We all have a role to play in creating a cleaner future. At Chevron, we’re lowering the carbon emissions intensity of our operations, investing in lower-carbon technologies and exploring renewable fuels of the future. Learn more — Chevron (@Chevron) March 9, 2021

The allegations are “frivolous,” Chevron said in a statement. “We engage in honest conversations about the energy transition.” An FTC spokesman declined to comment.

Lodging the complaint with the FTC, which investigates claims of deceptive advertising by companies, is potentially a new line of attack for environmental campaigners, who view the Biden administration as more sympathetic to their criticisms of Big Oil. Biden made clean energy a key pledge in his election campaign last year and took the industry by surprise in the first months of his presidency by canceling the Keystone XL crude pipeline and restricting drilling on federal land.

“This really is a test for the new administration to step up and to make good on their promise to make tackling the climate crisis a key priority,” said Julie Anne Miranda-Brobeck, a spokeswoman for Global Witness. The Chevron complaint marks the first time environmental campaigners have gone to the FTC to accuse an oil major of greenwashing, the nonprofit groups said.

Chevron Chief Executive Officer Mike Wirth said last week that the company sees a “pathway” to net-zero carbon from its own operations and is committed to lowering emissions intensity 35% from 2016 to 2028. Intensity goals target pollution per barrel but do not necessarily cap or reduce overall emissions. The company supports the Paris Agreement, is investing in renewable power in support of its operations and will spend $3 billion on clean tech through 2028, it said.

This amount is around 3% of Chevron’s annual capital budget, and the company may increase oil and gas production by around 15% over the next four years. Chevron fell 2.3% to $107.77 a share at 9:50 a.m. in New York as oil prices dropped.

The FTC is seen by campaigners as another avenue for applying pressure on Big Oil, in addition to the courts, where companies including Chevron are facing a series of lawsuits from about a dozen U.S. cities, counties and states to make them pay for the costs of adapting to climate change. The companies involved have said the suits are baseless.

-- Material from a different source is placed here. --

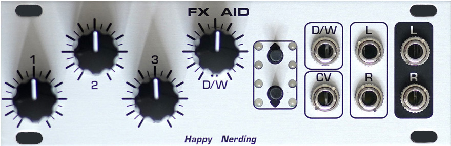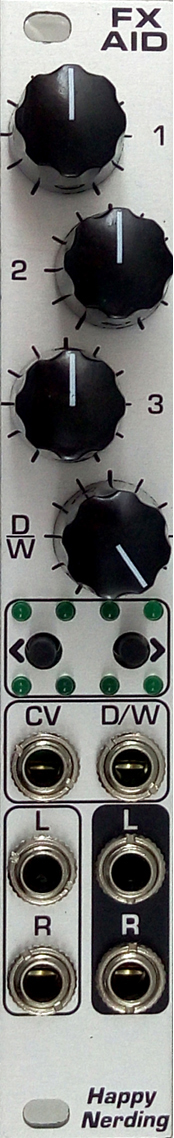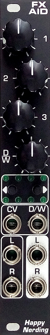three effect controls plus analog dry/wet control with dedicated cv input.

Appointments by President Joe Biden to the five-member FTC, which currently has an empty seat and is split between Democrats and Republicans, may help the environmental groups’ case.

One of the FTC’s key focus areas in energy should be to “deter greenwashing and deceptive environmental claims,” Commissioner Rohit Chopra wrote in December. Chopra has been nominated by Biden to run the Consumer Financial Protection Bureau, leaving two Democratic seats on the commission that will need to be filled. Biden is likely to nominate Columbia Law School antitrust expert Lina Khan for one of them, according to people familiar with the matter.

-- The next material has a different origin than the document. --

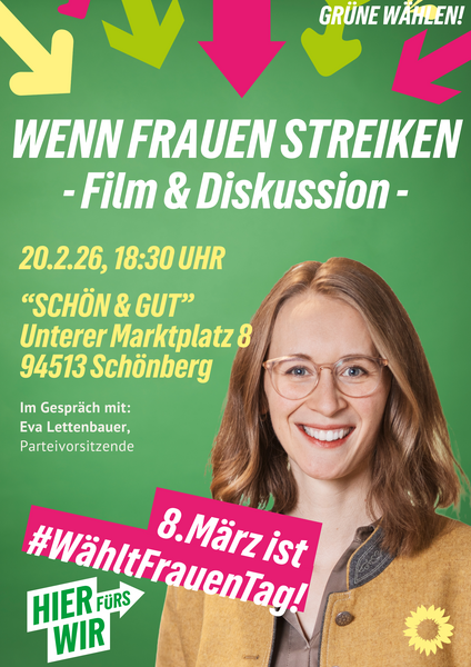 Am 20. Februar laden wir um 18:30 Uhr ins „Schön & Gut“ in Schönberg zu einem besonderen Filmabend mit anschließender Diskussion ein. Im Mittelpunkt steht ein aktueller Dokumentarfilm über einen Tag, an dem Frauen ihre Arbeit niederlegen, um sichtbar zu machen, wie viel sie täglich leisten und welche Folgen strukturelle Ungleichbehandlung hat. Im Anschluss sprechen wir mit der Vorsitzenden der bayerischen Grünen Eva Lettenbauer über die politische Bedeutung eines solchen „Frauenstreiks“, aktuelle feministische Forderungen und die anstehende Wahl am 8. März, dem Internationalen Frauentag. Der Eintritt ist frei, eine Anmeldung ist nicht erforderlich.

In November, six other nonprofit groups filed a complaint with the FTC alleging that while Cargill Inc. product labels advertise the company’s links to family farmers, its actual production methods are exploitative. Cargill said the claims lack merit and that it conducts business in a legal, ethical and responsible manner.

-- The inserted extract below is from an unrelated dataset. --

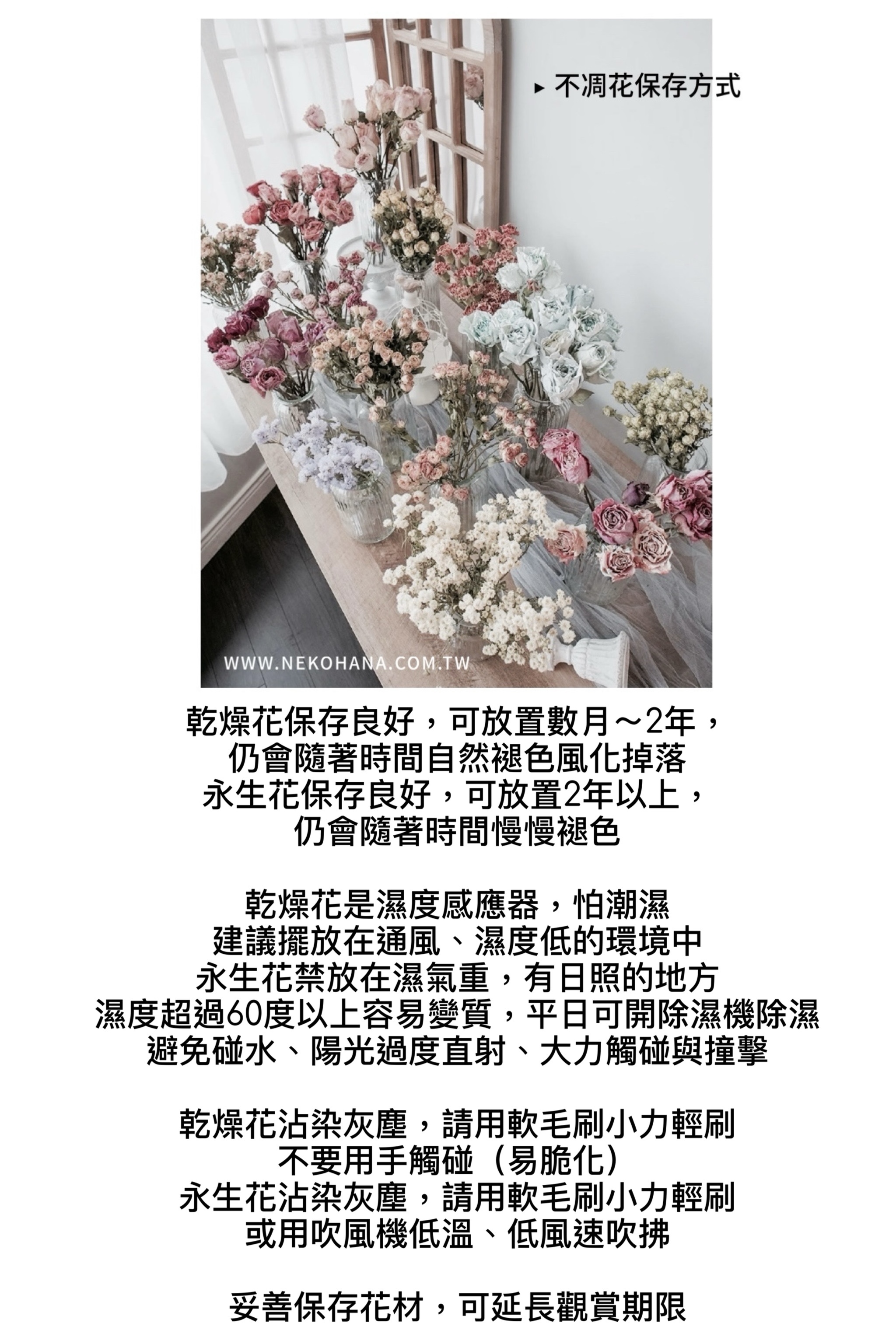 花材:日本進口厄瓜多永生玫瑰、銀蓮花、永生繡球

Chevron and U.S. rival Exxon Mobil Corp. have stepped up their efforts to engage on environmental issues in the past year as investors demand they position themselves for a transition to cleaner energy. Along with setting emissions targets, both have touted investments in clean-tech startups and carbon capture, though these currently represent a small portion of their total capital budget.

“There’s a growing trend right now of Big Oil trying to paint itself as green and it’s growing at a rapid rate,” said Josh Eisenfeld, a spokesman for Earthworks. “They’re trying to capitalize on a market in a predatory way. They’re doing that to maintain their social license they’re doing that to attract investors and keep the ones they have.”

Social justice law firm Richman Law & Policy is representing the environmental campaigners in the complaint.

Separately, the Sustainable Finance Disclosure Regulation, or SFDR, that covers all European Union financial-market participants and advisers, took effect last week. Those rules rules require fund managers to evaluate and disclose the ESG features of financial products and seek to make it harder for companies to make unsubstantiated ESG claims.